Empirical results demonstrate:
| Configuration | Accuracy (en) | Accuracy (non-en) |
|---|---|---|
| Word-only TF-IDF | 84.2% | N/A |
| Word + stopword | 83.9% | N/A |
| Word + stemming | 84.9% | N/A |
| Word + stop + stem | 85.2% | N/A |
| STF-IDF (no heuristics) | 85.4% | 80% (10 langs) |
Specific non-English STF-IDF scores include: Spanish 85.8%, German 84.9%, Greek 81.3%, Russian 82.9%, Turkish 80.1%, Arabic 77.1%, Vietnamese 84.5%, Thai 83.5%, Chinese 82.4%, Hindi 80.9%, Romanian 85.0%. This suggests STF-IDF delivers consistent top-1 retrieval performance across typologically diverse languages using an identical model (Wangperawong, 2022).
7. Practical Implementation and Hyperparameters
STF-IDF leverages a SentencePiece BPE tokenizer with hyperparameters: vocab_size=128 000, character_coverage=0.9995, and temperature sampling for balanced multilingual modeling.
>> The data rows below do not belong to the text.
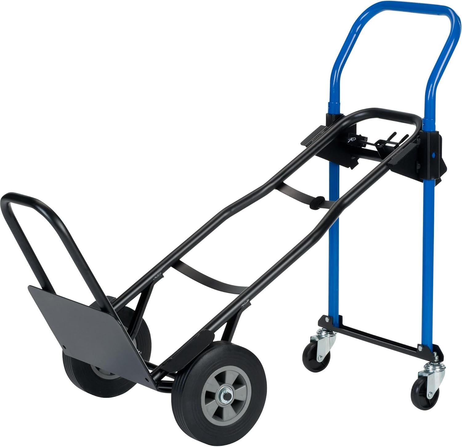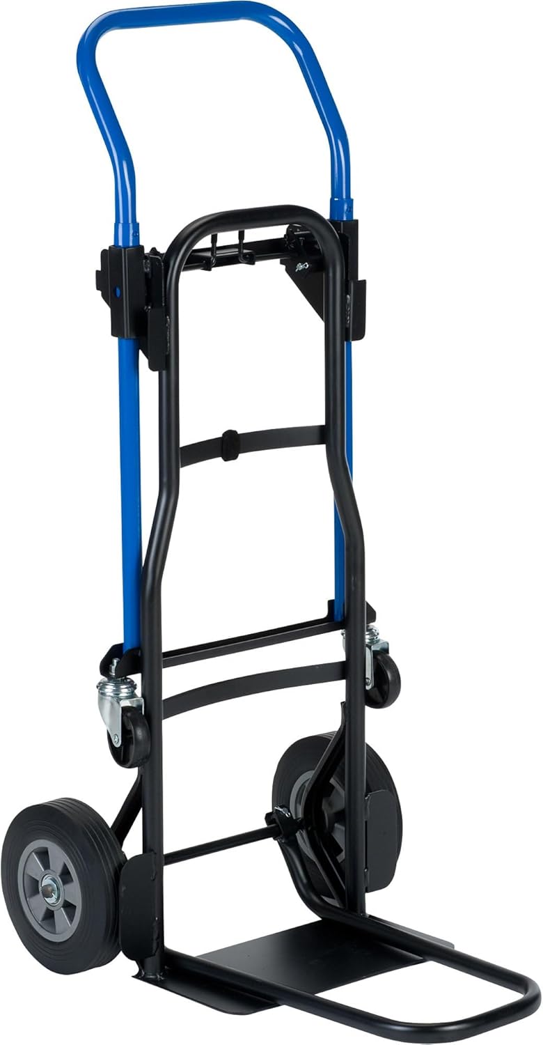 Made in the USA. The Harper Quick Change 3 position lightweight steel convertible dolly and cart is the only personal assistant you need for all your home, work or office moving needs. Harper’s exclusive easy-to-use Quick Change mechanism converts truck positions in seconds - no tools or pins required! High strength steel 44’ tall frame accommodates loads up to 500 pounds. Four wheel incline assist mode for even weight distribution and better load control in tight spaces. Four wheel cart design makes simple work of large, heavy and oversized loads. Large solid rubber 8" flat free wheels and 3" swivel casters for easy maneuverability. Folding nose extension provides additional truck capacity, easily folds out of the way when not being used. The Harper Quick Change 3-in-1 convertible hand truck is large enough for most moving jobs and its compact size stores easily in a closet or auto trunk.
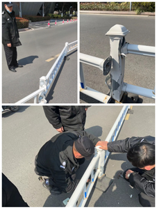 發現問題后,我司安保員立即將情況上報主管,并打電話叫來其他同事幫忙,一起將發生位移的護欄掰回原處。在移動中又發現其中一處固定護欄的支架已嚴重變形,用于固定護欄和支架的螺絲和底座都已完全脫落。保安員們又立即找來鉗子和螺絲刀等工具,將受損變形的支架敲平,再將脫落的護欄裝進底座用螺絲固定好,使這段因碰撞發生損壞的護欄及時得到了修復,再次恢復其分流車輛,疏導交通的作用。
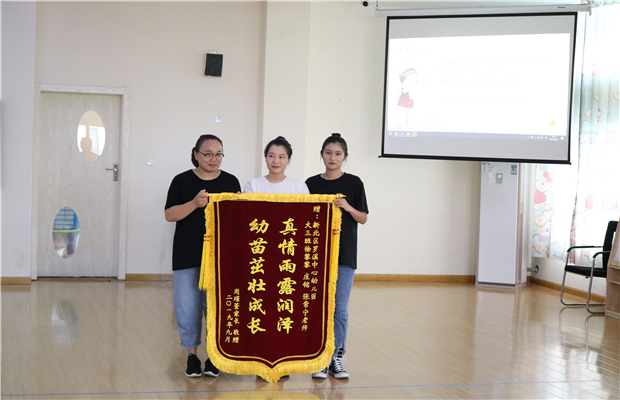 主题活动中,周瑾萱家长送来了绣着“真情雨露润泽,幼苗茁壮成长”字样的锦旗和感谢信。由谢菊仙园长转送到大3班徐黎黎、庄铭、张常宁老师手中,表达了家长对老师们辛勤付出和无私关爱的感激之情。收到锦旗后,谢菊仙园长表示:教师工作得到了家长的认可,这是对幼教工作最大的肯定。

Corpus construction utilizes probabilities proportional to each language’s Wikipedia size. Optimal performance is achieved with raw TF or optional sublinear scaling for highly skewed datasets, standard IDF or smoothed values for stability, and cosine similarity for retrieval. The reference implementation and reproducibility toolkit (Text2Text) are publicly available: https://github.com/artitw/text2text.
A plausible implication is that STF-IDF can be adapted to arbitrary multilingual document collections, extended by custom subword vocabulary training or weighting strategies, and integrated into cross-lingual search workflows without reliance on corpus-specific heuristics.